Жардон сразу перешел к делу, сверля меня взглядом сквозь линзы очков-половинок:
— Братство хосписа посовещалось и решило, что вы должны уехать. Завтра. Больше никаких встреч. У нас есть корабль, который доставит вас до рыбацкой пристани на острове Мат. Оттуда вы сможете добраться до Цимбалополиса.
— Я разочарован, Жардон. Я не хочу уезжать. Моя работа еще не завершена.
— Она завершена настолько, насколько это возможно! — рявкнул он.
— Наш хоспис еще никогда не знал ничего подобного, — тихо произнес Ниро. — Драки. Двое послушников ранены. Трое пациентов пытались покончить с собой. Годы кропотливых трудов уничтожены всего за несколько мгновений.
Я кивнул:
— Сожалею о причиненных неудобствах, но…
— Никаких «но»! — оборвал меня Жардон.
— Мне жаль, господин Сарк, — сказал Ниро, — но все уже решено.
Я плохо спал ночью. Мой разум и память играли со мной, раз за разом проигрывая беседу с полковником.

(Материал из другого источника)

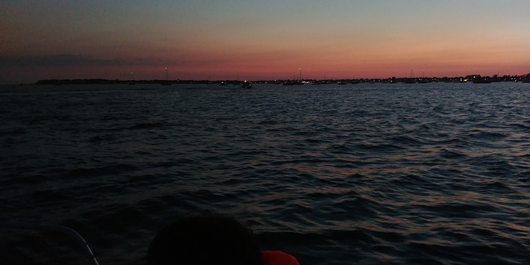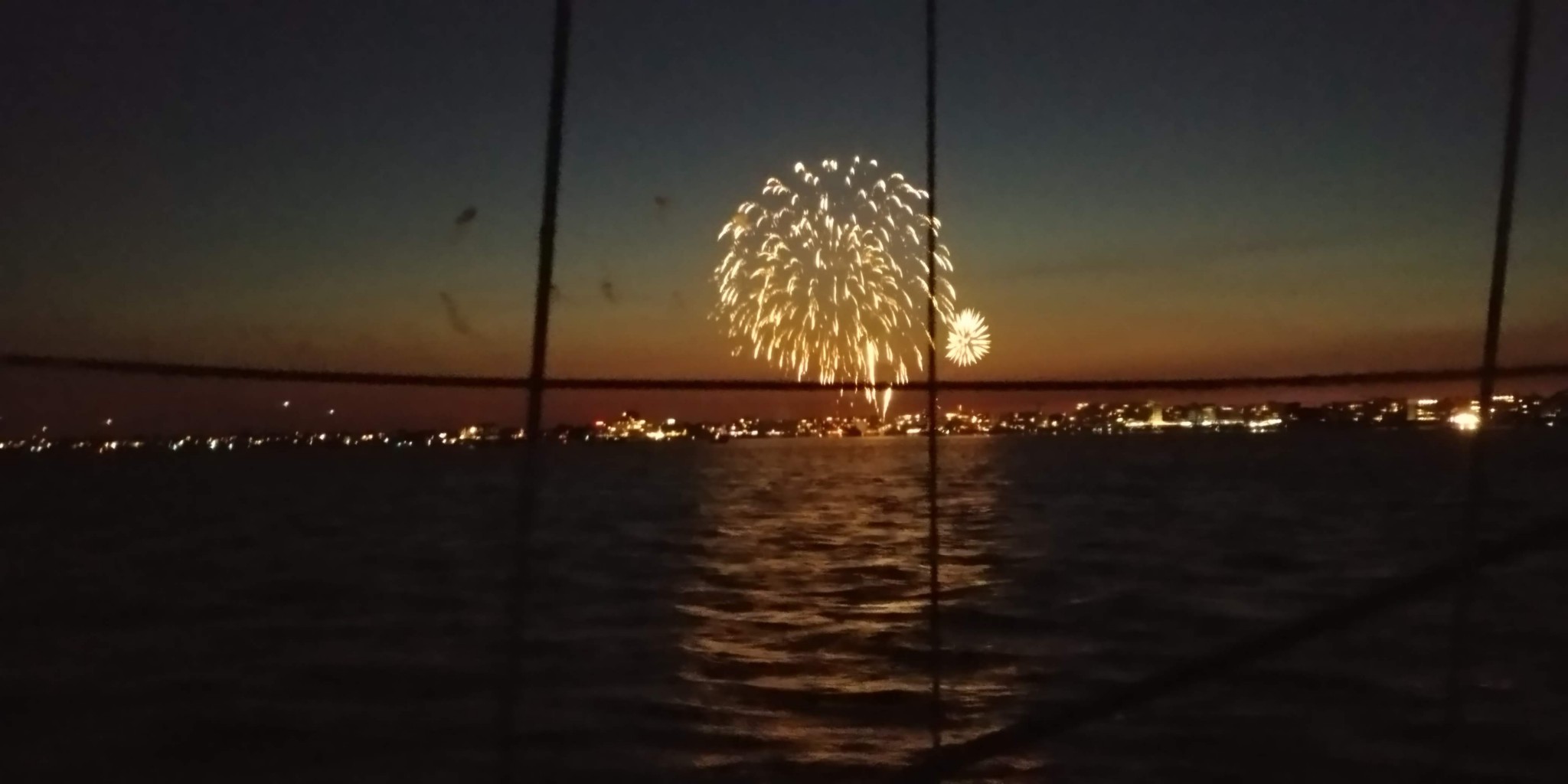 Après avoir cru assister à plusieurs reprises au bouquet final, le der des ders nous laisse dans la pénombre et m’envoie à l’avant remonter l’ancre. J’imaginais dans mes rêves être dans la nuit noire avec un clignotant rouge et vert bien visible au bout. En fait, le trait de côte est tellement fouilli et tellement lumineux que le port n’est pas évident à trouver dans ce bazar.

Вполне понятно, что события прошлого шокировали и травмировали Эбхо. Но есть здесь и что-то еще. За тем, что он мне рассказал, кроется какой-то важный секрет. Я чувствую это. И не остановлюсь. На кону слишком много жизней.
Калибан безмятежно спал, когда я украдкой покинул комнату. В темноте я на ощупь добрался до лестницы и поднялся на четвертый этаж. Беспокойство витало в спертом воздухе. Я прошел мимо запертых палат, из которых доносились стоны спящих или бормотание тех, кто страдал бессонницей.
Время от времени мне приходилось скрываться в тенях от послушников, бродящих по коридорам с фонарями. Мне понадобилось около четверти часа, чтобы добраться до блока, где обитал Эбхо. С особой осторожностью я крался мимо запертой камеры Йока.
Смотровое окошко открылось, стоило лишь коснуться его.
— Эбхо? Полковник Эбхо? — шепотом позвал я.
— Кто это? — ответил холодный голос из темноты.
— Сарк. Мы не договорили.
— Уходите.
— Не уйду, пока вы не расскажете мне все до конца.
— Уходите.
Я был в отчаянии, и оно заставило меня пойти на жестокость:
— У меня с собой фонарь, Эбхо. Мощный. Хотите, я посвечу им в смотровое окошко?
Когда бывший полковник заговорил, его голос трясся от ужаса. Да простит меня Император за этот поступок.
— Что вам еще нужно? — спросил он. — Терзание распространялось. Мы гибли тысячами. Я не могу вам помочь, хотя мне и жаль всех тех людей на Дженовингии.
— Вы так и не сказали, чем все закончилось.
— Вы не читали отчеты?
Я посмотрел направо и налево, чтобы убедиться, что мы по-прежнему одни в блоке.
— Читал. Они очень… скупы. Там говорится, что магистр войны Гет сжег врага с орбиты и отправил корабли, чтобы эвакуировать выживших из Пиродии Поляр. В этих отчетах приводится ужасающая статистика потерь от болезни. Пятьдесят девять тысяч солдат. Потерь среди гражданских никто не считал. Также там сказано, что к моменту прибытия кораблей Терзание было побеждено. Спаслись четыреста человек. Из них, судя по архивам, сейчас жив только сто девяносто один.